Kucinich gives emotional appeal
Originally published in the Ames Tribune.
Kucinich gives emotional appeal
By: David Grebe, Staff Writer July 14, 2003
Ohio Congressman Dennis Kucinich delivered an emotional appeal to nearly 100 local Democrats Sunday night as he called for an end to what he called a society based on fear.
That fear of the world, Kucinich said, is causing America to spend too much money trying to dominate the world militarily, is undermining civil liberties in the United States and is fomenting a policy of war.
"We need to break this spell of fear," Kucinich said. "We have to understand the moment we're at in this country."
Military adventures aren't making the American people safer, Kucinich said.
Kucinich is an ardent opponent of the U.S.-led invasion of Iraq, and said the United States must work with other nations to achieve security.
Part of that security, Kucinich, is achieving global nuclear disarmament. He promised to get the world's nuclear powers united in a "common effort to rid the world of this threat."
While anti-war sentiment is clearly a major factor in Kucinich' appeal, he also offered a progressive social agenda - one he said was tied to reducing military expenditures.
Kucinich is the lone Democrat who backs "Medicare for all," or a single-payer national health-care system. Health care costs now take up 14 percent of the U.S. economy, Kucinich said. "We're paying for universal health care and not getting it," Kucinich said.
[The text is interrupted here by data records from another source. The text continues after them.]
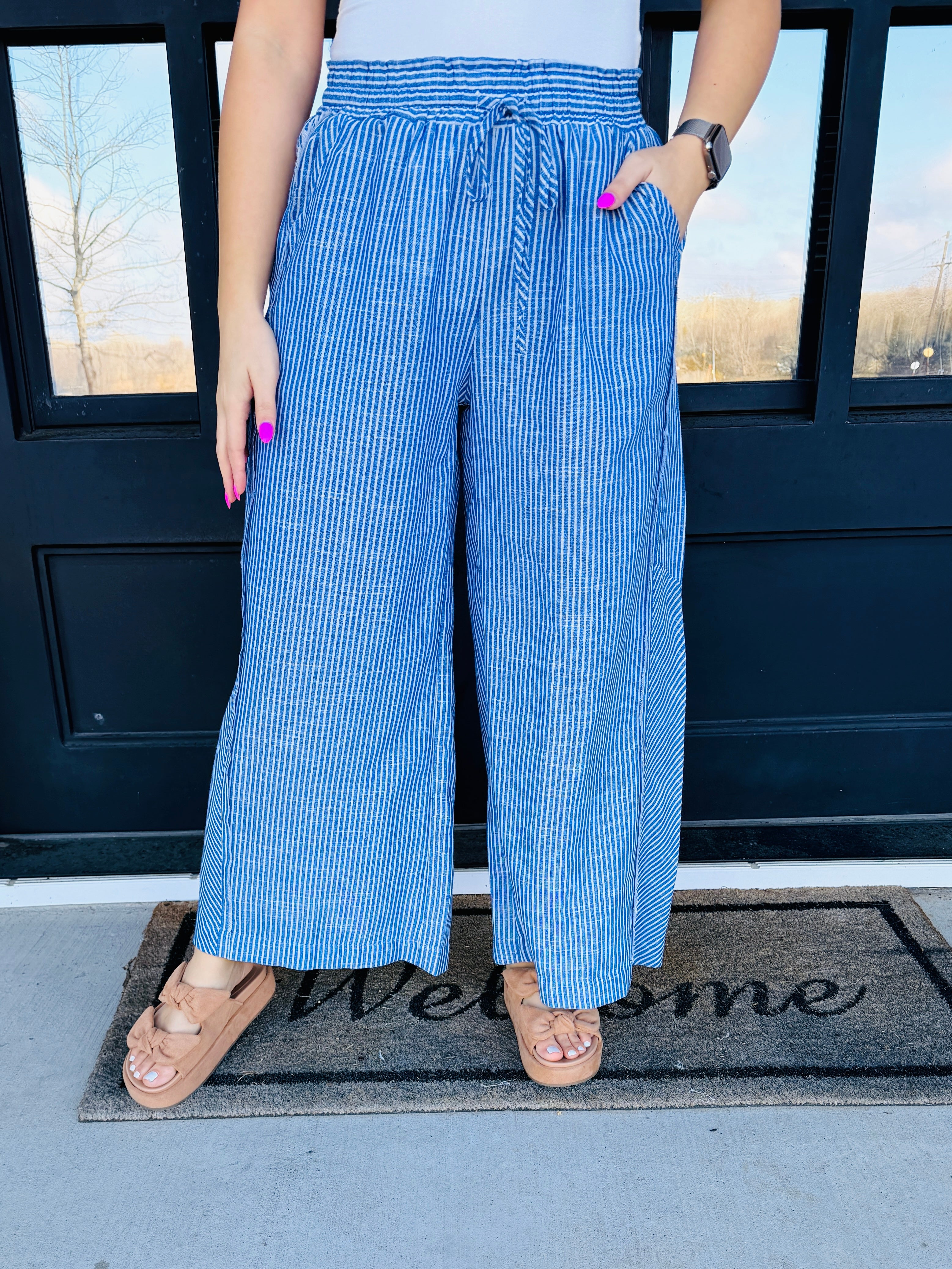 Float through your day in relaxed sophistication with our Make a Wish Striped Linen Wide Leg Pants, now available at Anchored Bliss Boutique in Royse City, TX. Designed with breathable linen blend fabric and classic blue pinstripes, these pants bring together comfort, style, and timeless boutique charm.
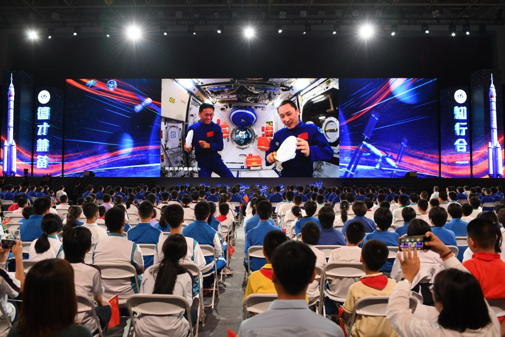 2023年9月21日,在北京航空航天大学,学生收看“天宫课堂”第四课。神舟十六号航天员景海鹏、朱杨柱、桂海潮在轨展示介绍中国空间站梦天实验舱工作生活场景,演示球形火焰实验、奇妙“乒乓球”实验、动量守恒实验以及又见陀螺实验,并与地面课堂进行互动交流。
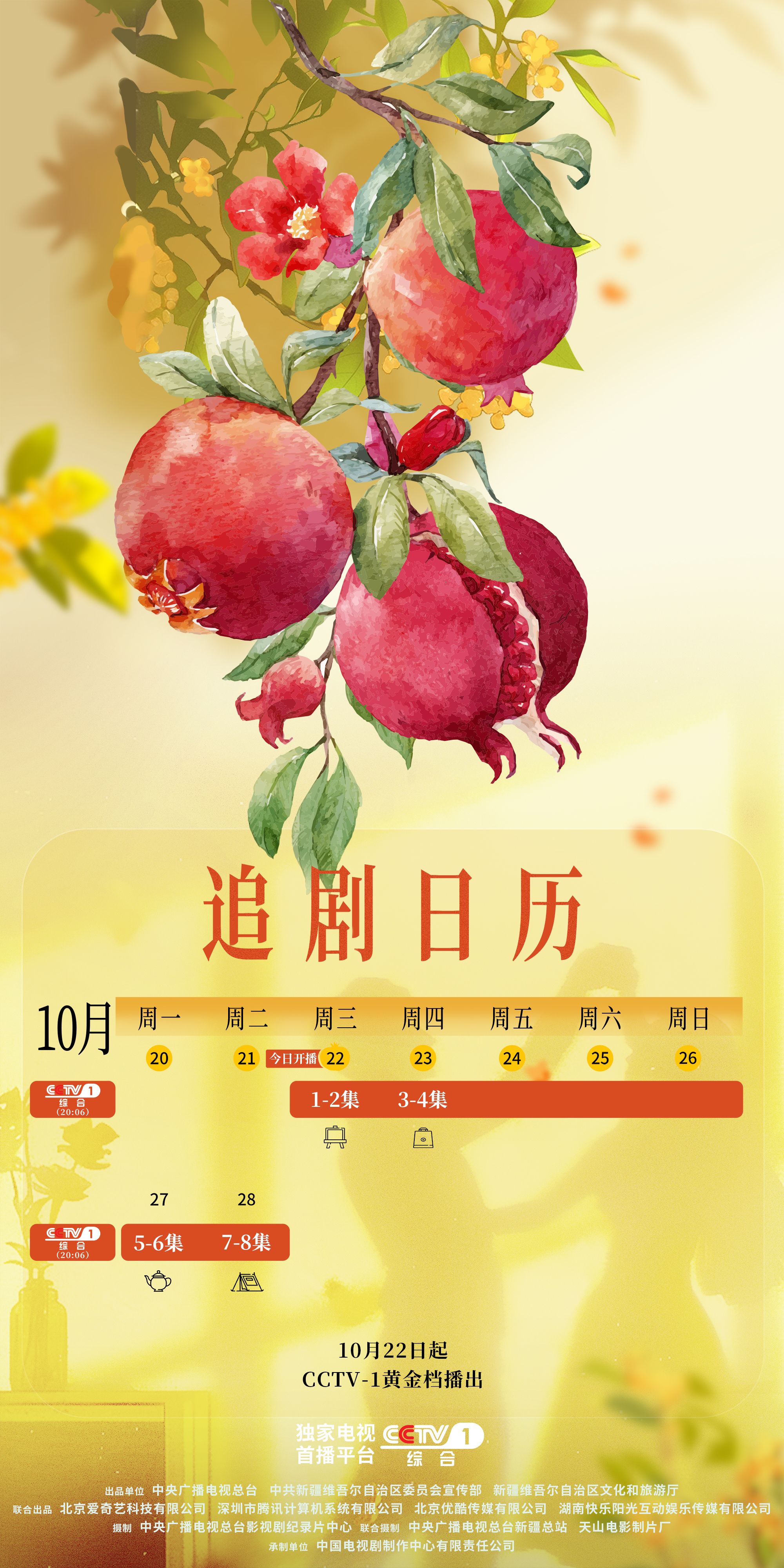 故事已开篇,在平凡的日子里把烟火与坚守烩成生活的盛宴!中央广播电视总台、新疆维吾尔自治区党委宣传部、新疆维吾尔自治区文旅厅共同出品的首部新疆都市情感剧《红石榴餐厅 》今晚20:06,锁定CCTV-1黄金档,敬请期待!
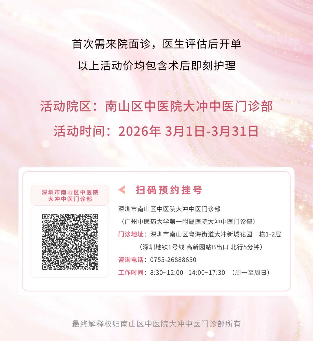 当前位置:首页>美女资讯>南山区中医院皮肤科女神节约“惠”返场
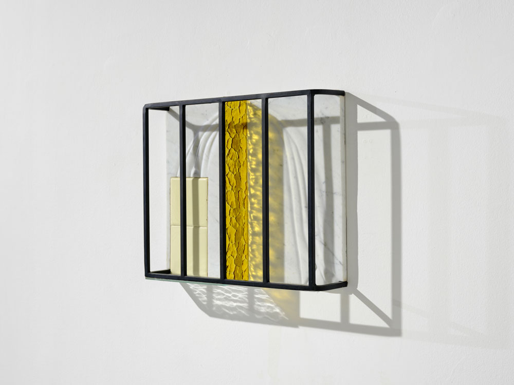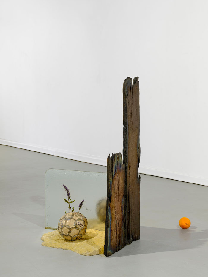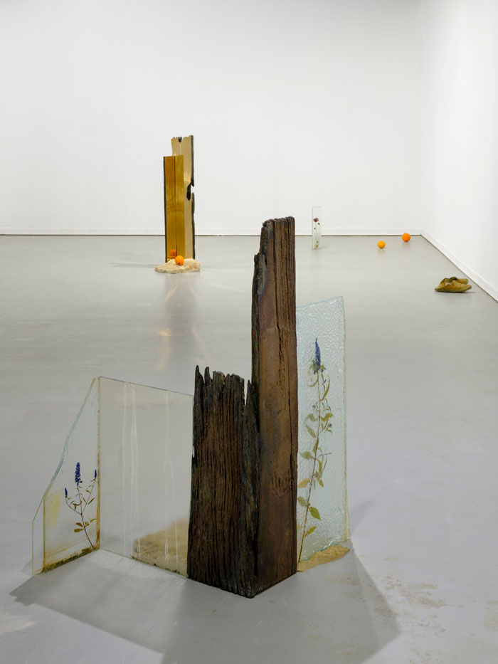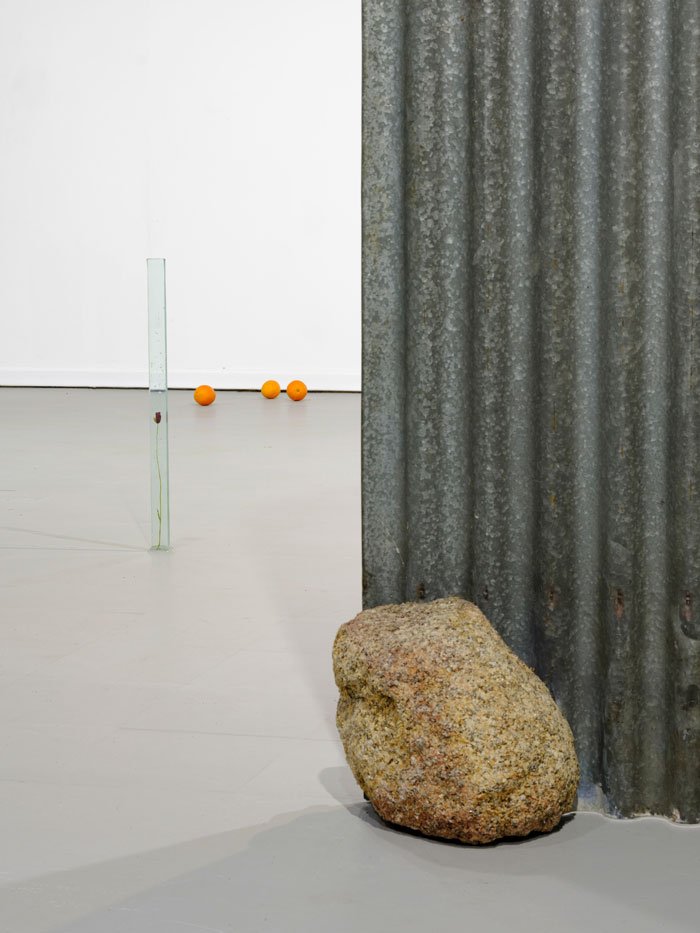 No começo do percurso, Almendra colocou uma estrutura ténue, delgada, sobre o solo, ao centro da sala. Vários materiais, alguns de frágil construção, como chapas onduladas entre outros, assomam, articulados entre si, de modo débil. A estrutura, que aparenta ser uma amostra de um pequeno habitat, um abrigo, ou vedação, foi construída com o recurso a vários materiais reciclados, que terão sido encontrados ao acaso, no campo ou na cidade. Intuímos essas pequenas construções, como os espaços imaginados em que se inserem. Almendra consegue, primeiro, transportar-me para fora da galeria, e depois, fazer-me perceber, através da transitoriedade, a inexistência de barreiras arquitectónicas.
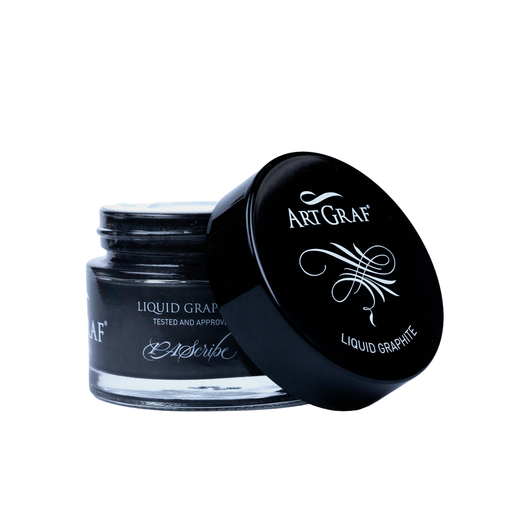 Flytande grafit från ArtGraf är en vattenlöslig flytande vätska, lik tusch, med hög koncentration av pigment som har en blyaktig ton. Spädas med vatten och kan skapa en mängd olika texturer, framförallt skapa exakta och definierade linjer. Lämplig för användning på vita, svarta och färgat papper. Använt doppenna eller pensel, passar teckning, måleri, kalligrafi, etc.

Other Kucinich ideas include canceling the North American Free Trade Agreement, the World Trade Organization, and creating a "Department of Peace."
One reason the latter is important, Kucinich said, is that the United States is engaged in more arms proliferation than any nation in the world.
"My candidacy represents the sharpest contrast with the present incumbent," Kucinich said.
Perhaps that was one reason Kucinich's message was largely welcomed by an audience much younger and diverse than most Democratic forays in Ames.
"Most of the Americans that I've talked to in Japan have talked about leaving because of the state of our country," said Terre Lundy, who just returned to Ames from Japan.
"We need to get out of other people's business," Lundy said.
"This makes sense," said Johann Golchin of Ames. "We're living in a global village now."